• TO DO
Retype, word for word, the lines from the first line of the entries through the line that holds "전라북도가 코로나19 장기화로"; leave out the pictures.

(Beginning of GIVEN INFORMATION)

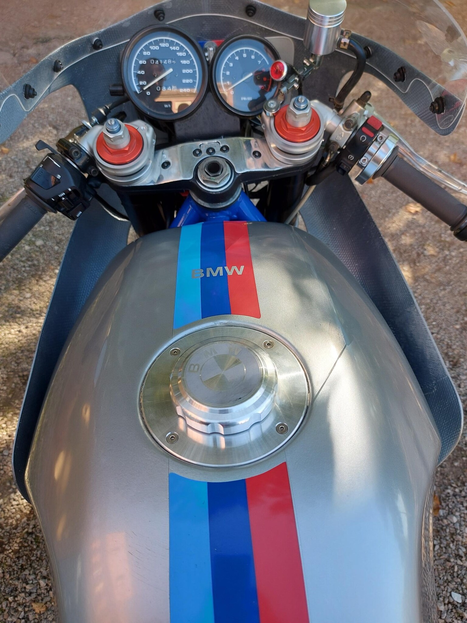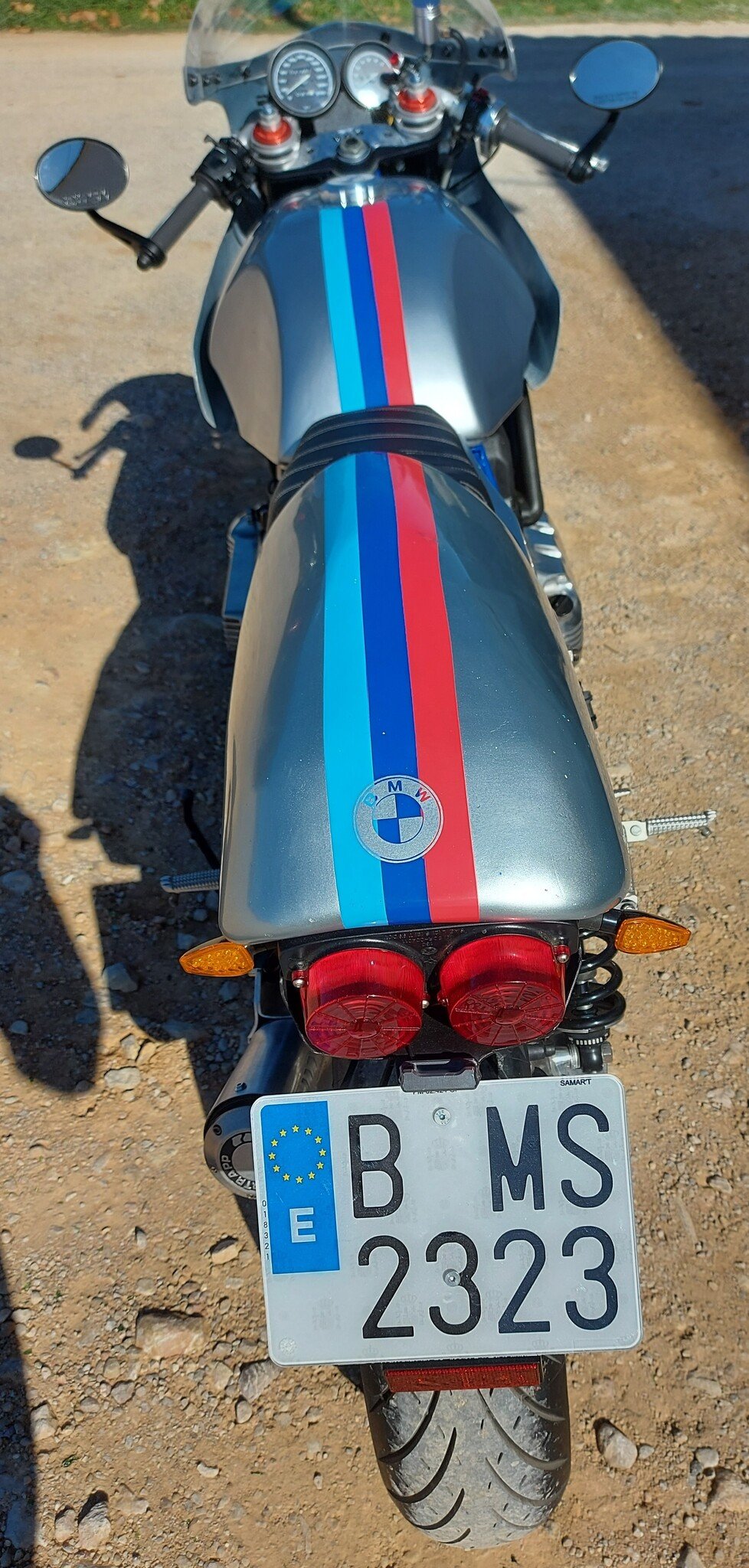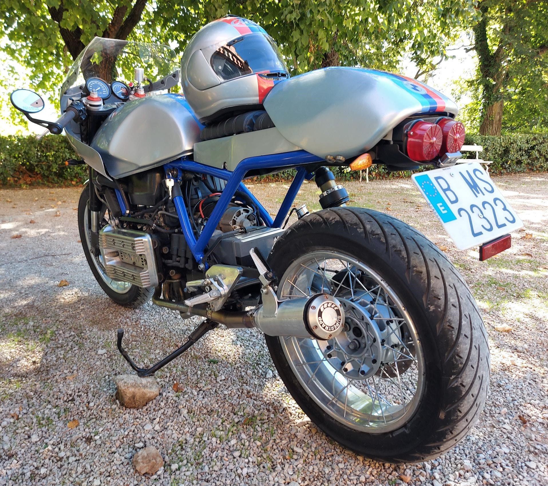 Maßgefertigt und handgefertigt, Federung und Vorderradbremsen von Aprilia Mille. BMW GS- und RT-Räder, Sitzbankabdeckung für 1 und 2 Passagiere, Ducati-Halblenker, Standardauspuff und Supertrapp, Verkleidung im 24-Stunden-Stil. Handgefertigte Yamaha-Fußstütze. Motor mit sehr geringer Kilometerleistung. Für den Straßenverkehr zugelassen.
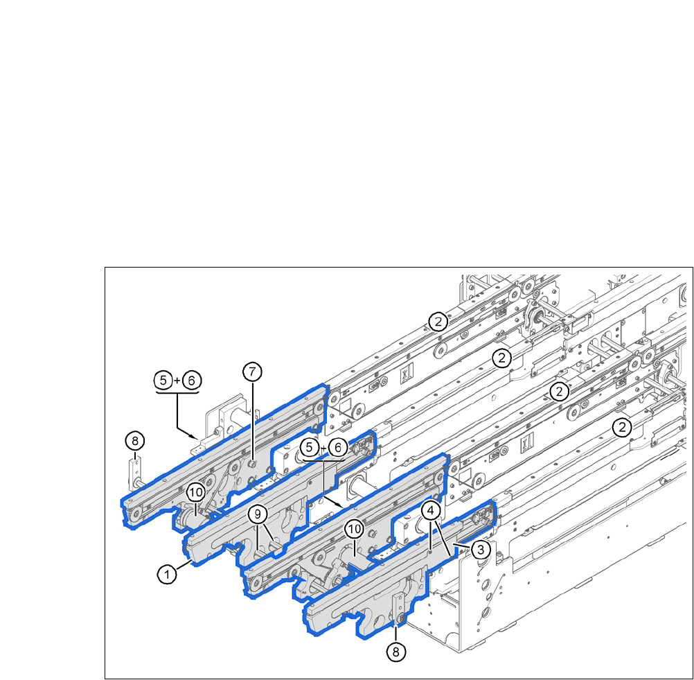 拆卸输入传送导轨 (图 5.5 - 13 中的物件 1)的电缆盖 (图 5.5 - 13 中的物件 3 与 5)。
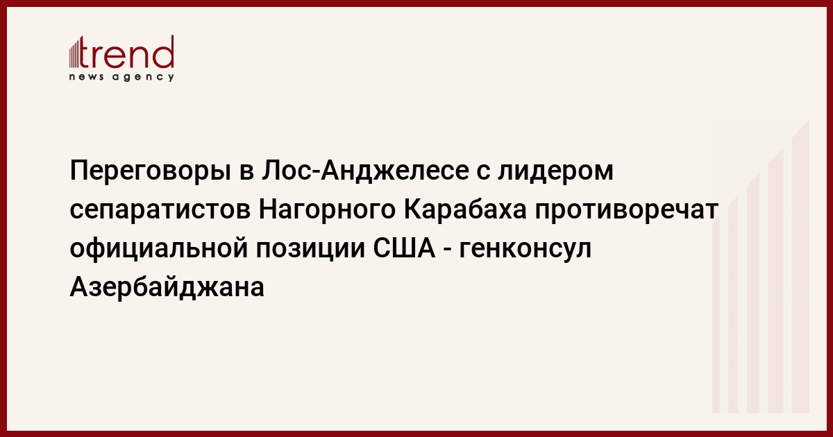 Генеральный консул Азербайджана в Лос-Анджелесе Элин Сулейманов обратился с письмом к председателю лос-анджелесского Совета по международным делам Кертису Маку. Об этом Trend сообщили в генеральном консульстве.
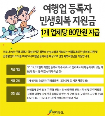 전라북도가 코로나19 장기화로 어려움을 겪는 여행업계에 힘을 싣어 주고자 민생회복 지원금을 지급한다.
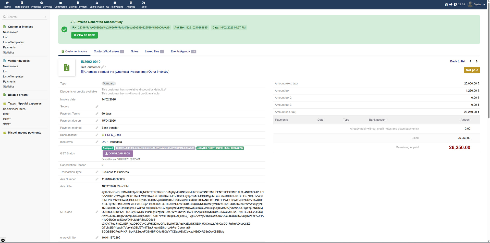 "SignedQRCode": "eyJhbGciOiJSUzI1NiIsImtpZCI6IjNCRTE3RTUxNDE5MjUyMjY0N0YwMUZEQkZGNTI3MUFENTI2OEQ3MzUiLCJ4NXQiOiJPLUYtVVVHU1VpWkg4Ql9iXzFKeHJWSm8xelUiLCJ0eXAiOiJKV1QifQ.eyJpc3MiOiJOSUMgU2FuZGJveCIsImRhdGEiOiJ7XCJTZWxsZXJHc3RpblwiOlwiMjlBQURDRzQ5OTJQMVpQXCIsXCJCdXllckdzdGluXCI6XCIwNkFBTUNTODcwOUIxWkFcIixcIkRvY05vXCI6XCJJTjI2MDItMDAxMFwiLFwiRG9jVHlwXCI6XCJJTlZcIixcIkRvY0R0XCI6XCIxNC8wMi8yMDI2XCIsXCJUb3RJbnZWYWxcIjoyNjI1MCxcIkl0ZW1DbnRcIjoxLFwiTWFpbkhzbkNvZGVcIjpcIjMxMDMyMDAwXCIsXCJJcm5cIjpcIjIzMzQ2ZjVhM2U2OTg4YjZhNDhlMjQ2NmU3NmY1ZTRiNGYyZWNkYTVlNTg4YzgyNTU4OWY4MWIzZTA2YTlhZjlcIixcIklybkR0XCI6XCIyMDI2LTAyLTE2IDE2OjI3OjAwXCJ9In0.BqgQV6MgL5S0ecifjCr5eFTiCnTNfwsFMzIgkLUTjcesG_TvjpBAAWgQ1SskJ2kGfaVDGZ4EBDLlUJ0agIKP5YFAURArt1yQ6UCeIcgJOAWO4H2ubbPZ8LDQJq3-eXOV77eqJhhZufj5F_WzD3OCVvCcFHGI2hrJQAiJELt19T2kAqdKzEufNKND0_5OCxsJ2uYNCxID017a7mAOhzx2IZZ-GTLM2f9tYipadN7gVryYk0ELf5TmiT3aU_oqnSDhu1LAbFe1Coew_aU-BDQSZBOPebF4XF_Sy4AEZudoFGSj6BFiO4oJSGsYTCDaq0ZMCawzgKEdD-R2SnDwXSZEMg",
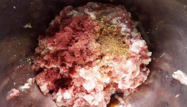 1、用肥瘦比例为1:2的肉,腊肠中一定要有好的肥肉,如果没有肥肉腊肠的味道会大打折扣。腊肠中最重要的就是辣椒面与花椒面,将猪肉切成骰子块儿配料中加入辣椒面、花椒面、白酒、白糖与盐,调制好的肉要腌制2到3个小时,让肉充分入味,腌制时间太短,味道进不到肉中间去。
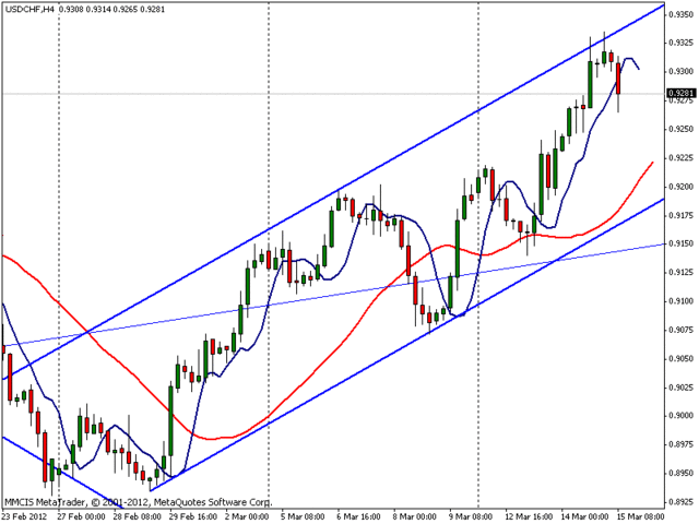 Новости Форекс, курс швейцарского франка. В ходе вчерашних торгов американская валюта продолжила рост против своих конкурентов, в том числе, показав прирост на 75 пунктов против швейцарского франка. Аналитики «FOREX MMCIS group» отмечают наличие краткосрочного восходящего канала по паре USD/CHF, берущего свое начало в последних числах февраля. В ходе первых часов торгов в четверг была достигнута верхняя граница упомянутой тенденции и, технически, снижение может продолжится до нижней границы.

(End of GIVEN INFORMATION)

• RESPONSE TO THE EXERCISE
 Maßgefertigt und handgefertigt, Federung und Vorderradbremsen von Aprilia Mille. BMW GS- und RT-Räder, Sitzbankabdeckung für 1 und 2 Passagiere, Ducati-Halblenker, Standardauspuff und Supertrapp, Verkleidung im 24-Stunden-Stil. Handgefertigte Yamaha-Fußstütze. Motor mit sehr geringer Kilometerleistung. Für den Straßenverkehr zugelassen.
 拆卸输入传送导轨 (图 5.5 - 13 中的物件 1)的电缆盖 (图 5.5 - 13 中的物件 3 与 5)。
 Генеральный консул Азербайджана в Лос-Анджелесе Элин Сулейманов обратился с письмом к председателю лос-анджелесского Совета по международным делам Кертису Маку. Об этом Trend сообщили в генеральном консульстве.
 전라북도가 코로나19 장기화로 어려움을 겪는 여행업계에 힘을 싣어 주고자 민생회복 지원금을 지급한다.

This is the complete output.